## DESCRIPTION OF THE TASK:
Among the records that follow, set down only the lines from the one containing "Безрамные очки с" to the one containing "Bright, open and", both included, exactly.

## INPUT DATA:
● ● ● ●
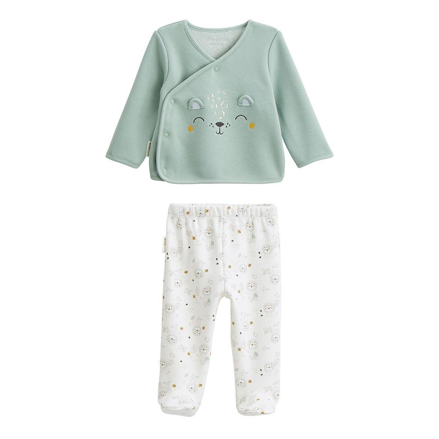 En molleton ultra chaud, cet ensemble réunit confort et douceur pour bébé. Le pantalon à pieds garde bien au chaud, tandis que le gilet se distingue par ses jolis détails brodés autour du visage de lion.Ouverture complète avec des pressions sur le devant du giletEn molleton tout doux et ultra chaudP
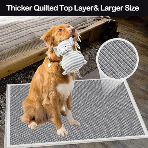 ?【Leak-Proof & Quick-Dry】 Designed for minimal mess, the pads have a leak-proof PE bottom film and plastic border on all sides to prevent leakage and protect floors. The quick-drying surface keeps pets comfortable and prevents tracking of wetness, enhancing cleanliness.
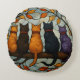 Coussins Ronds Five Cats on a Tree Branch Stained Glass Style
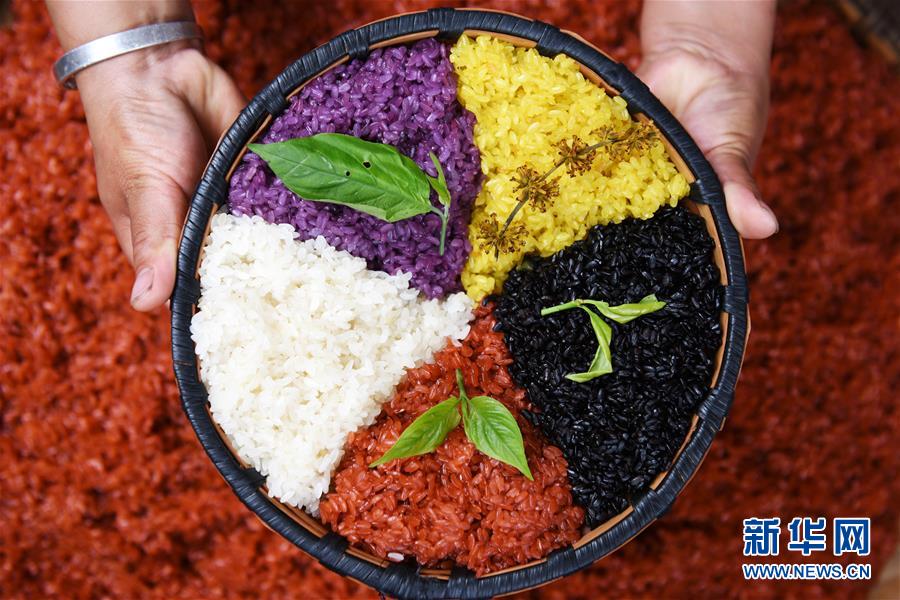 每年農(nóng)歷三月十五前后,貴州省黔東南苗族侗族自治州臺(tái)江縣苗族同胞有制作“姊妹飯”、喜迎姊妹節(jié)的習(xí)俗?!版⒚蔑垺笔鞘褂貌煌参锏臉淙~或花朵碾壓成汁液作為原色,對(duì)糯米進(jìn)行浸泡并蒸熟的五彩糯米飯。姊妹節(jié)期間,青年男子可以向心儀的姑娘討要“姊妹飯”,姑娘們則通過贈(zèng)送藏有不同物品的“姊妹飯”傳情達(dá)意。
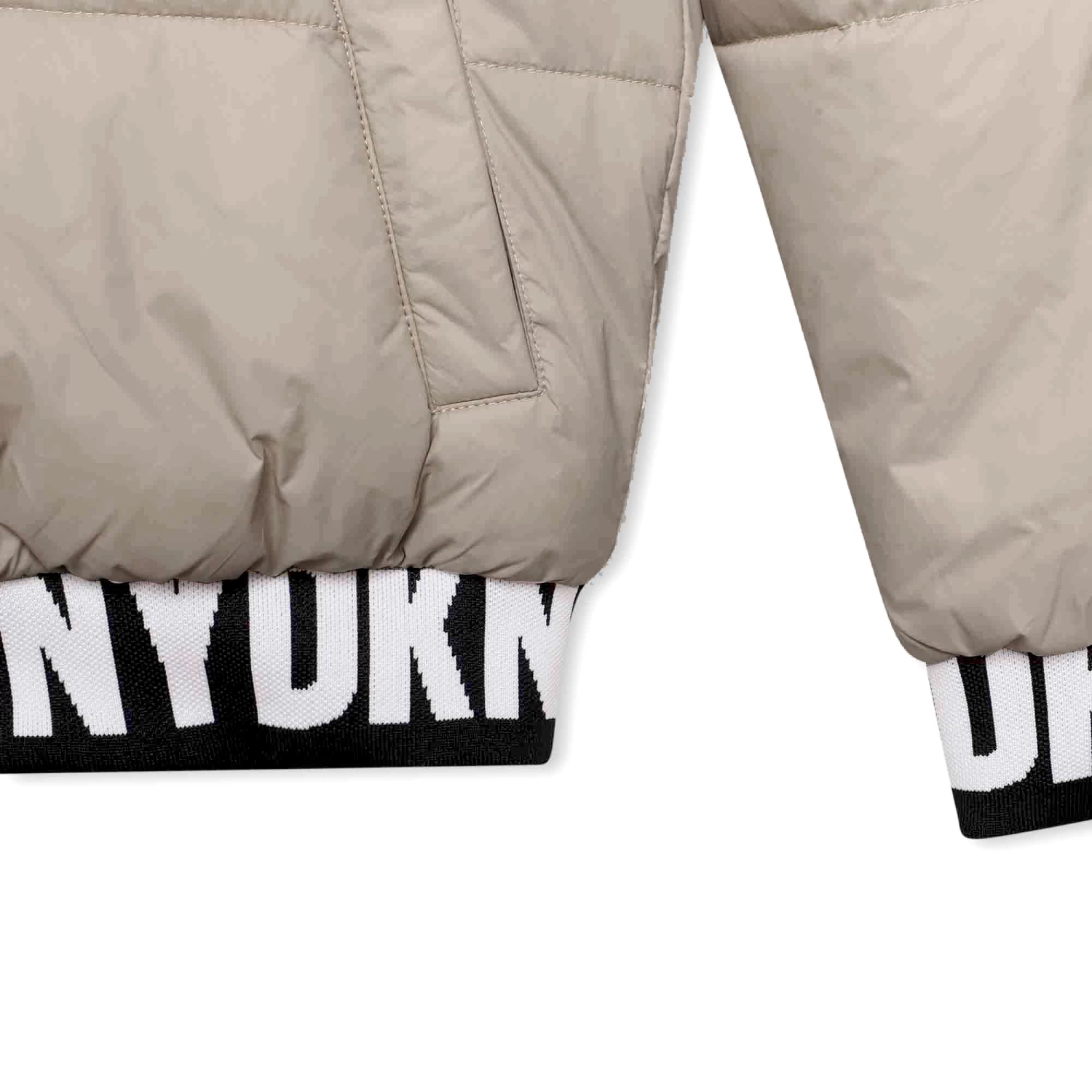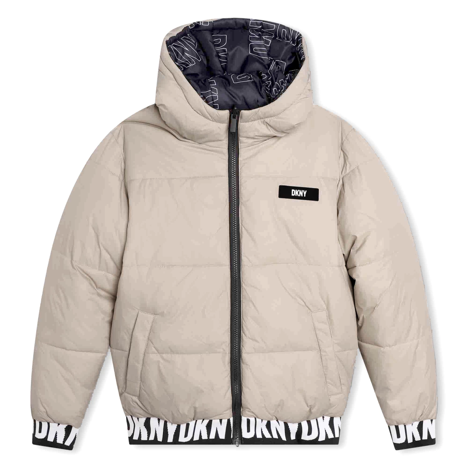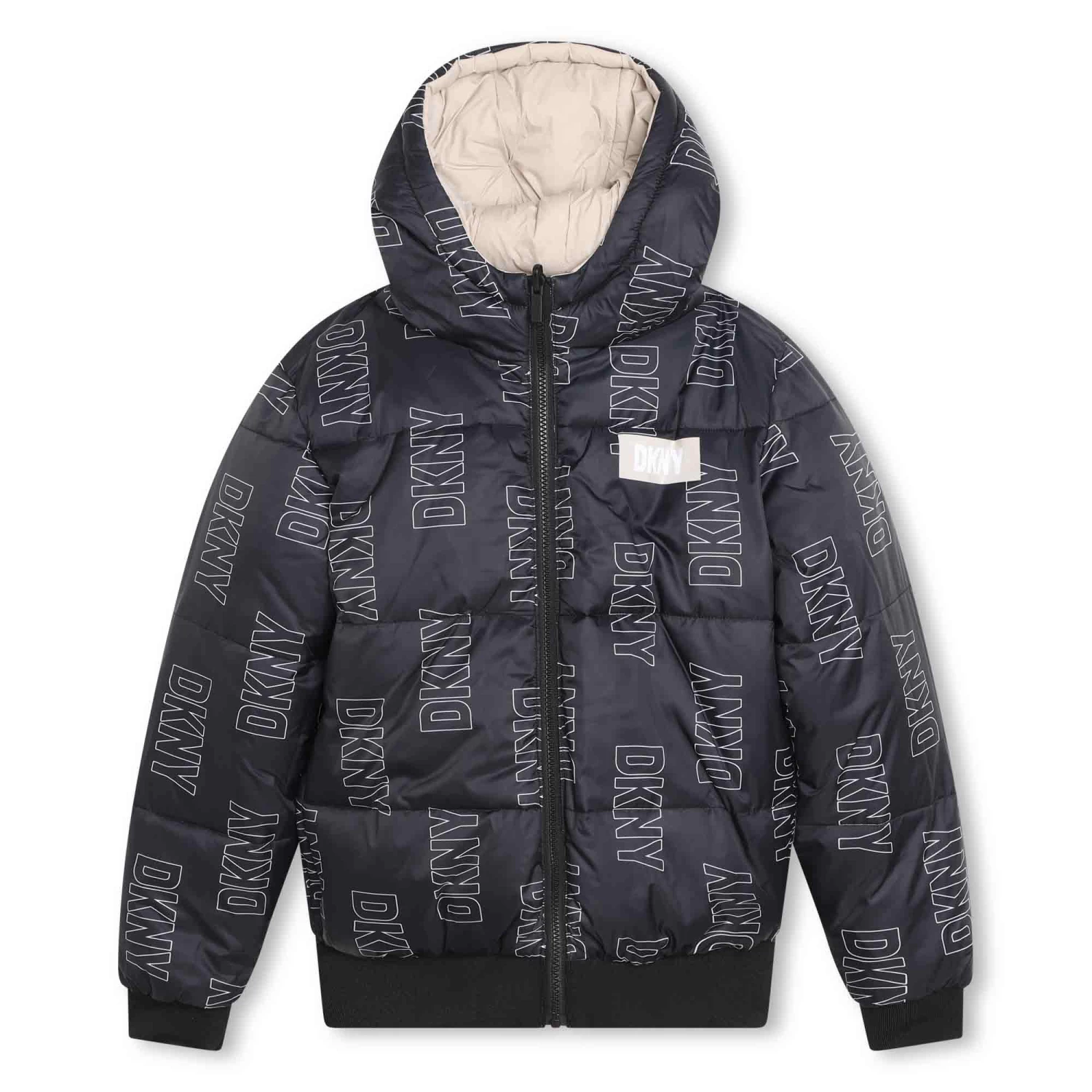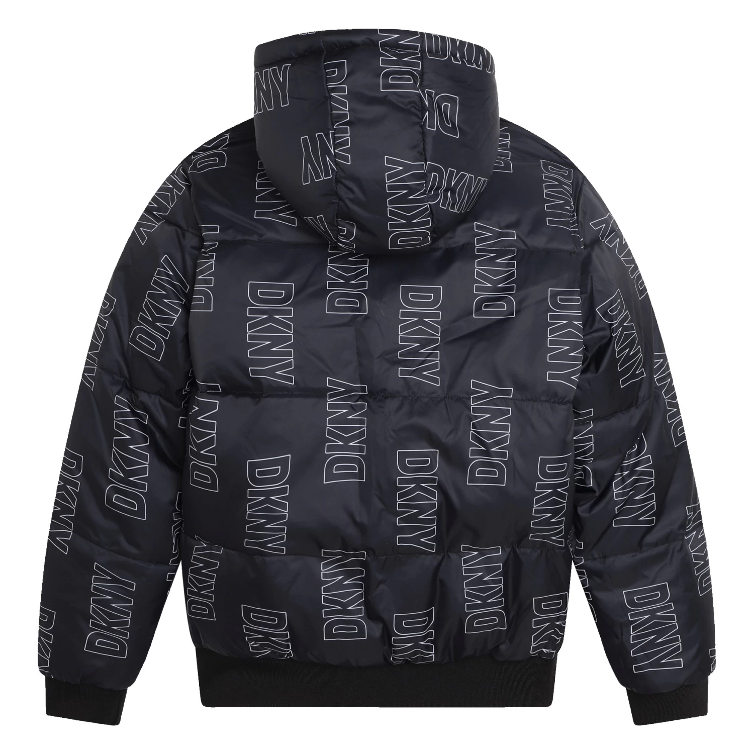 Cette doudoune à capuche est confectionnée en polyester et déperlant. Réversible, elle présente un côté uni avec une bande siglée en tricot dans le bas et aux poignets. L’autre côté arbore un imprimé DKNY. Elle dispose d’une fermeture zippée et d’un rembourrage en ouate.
● ● ● ●
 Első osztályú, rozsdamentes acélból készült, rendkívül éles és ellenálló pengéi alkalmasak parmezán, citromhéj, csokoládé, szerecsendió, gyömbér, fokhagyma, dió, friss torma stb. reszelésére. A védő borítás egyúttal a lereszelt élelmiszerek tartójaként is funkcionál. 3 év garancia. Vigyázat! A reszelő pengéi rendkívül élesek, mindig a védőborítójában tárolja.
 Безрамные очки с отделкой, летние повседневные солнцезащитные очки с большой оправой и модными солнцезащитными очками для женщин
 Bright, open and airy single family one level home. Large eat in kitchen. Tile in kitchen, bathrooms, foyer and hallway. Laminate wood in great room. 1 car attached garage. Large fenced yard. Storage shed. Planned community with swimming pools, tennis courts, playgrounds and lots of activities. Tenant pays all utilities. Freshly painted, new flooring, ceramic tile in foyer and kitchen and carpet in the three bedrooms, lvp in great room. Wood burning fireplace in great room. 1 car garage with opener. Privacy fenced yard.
● ● ● ●
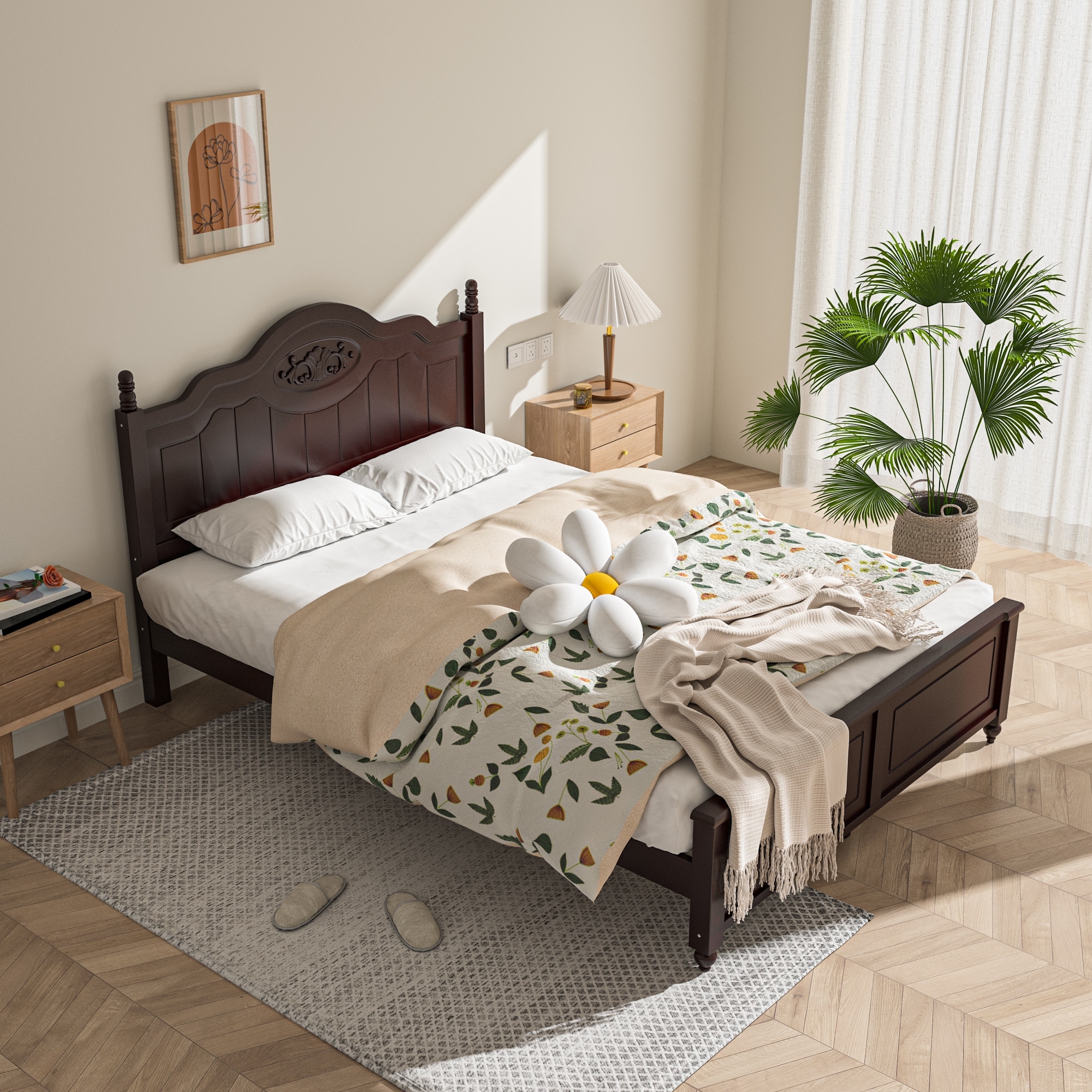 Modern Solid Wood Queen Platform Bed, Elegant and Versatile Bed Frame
● ● ● ●
## FINISHED EXERCISE:
 Безрамные очки с отделкой, летние повседневные солнцезащитные очки с большой оправой и модными солнцезащитными очками для женщин
 Bright, open and airy single family one level home. Large eat in kitchen. Tile in kitchen, bathrooms, foyer and hallway. Laminate wood in great room. 1 car attached garage. Large fenced yard. Storage shed. Planned community with swimming pools, tennis courts, playgrounds and lots of activities. Tenant pays all utilities. Freshly painted, new flooring, ceramic tile in foyer and kitchen and carpet in the three bedrooms, lvp in great room. Wood burning fireplace in great room. 1 car garage with opener. Privacy fenced yard.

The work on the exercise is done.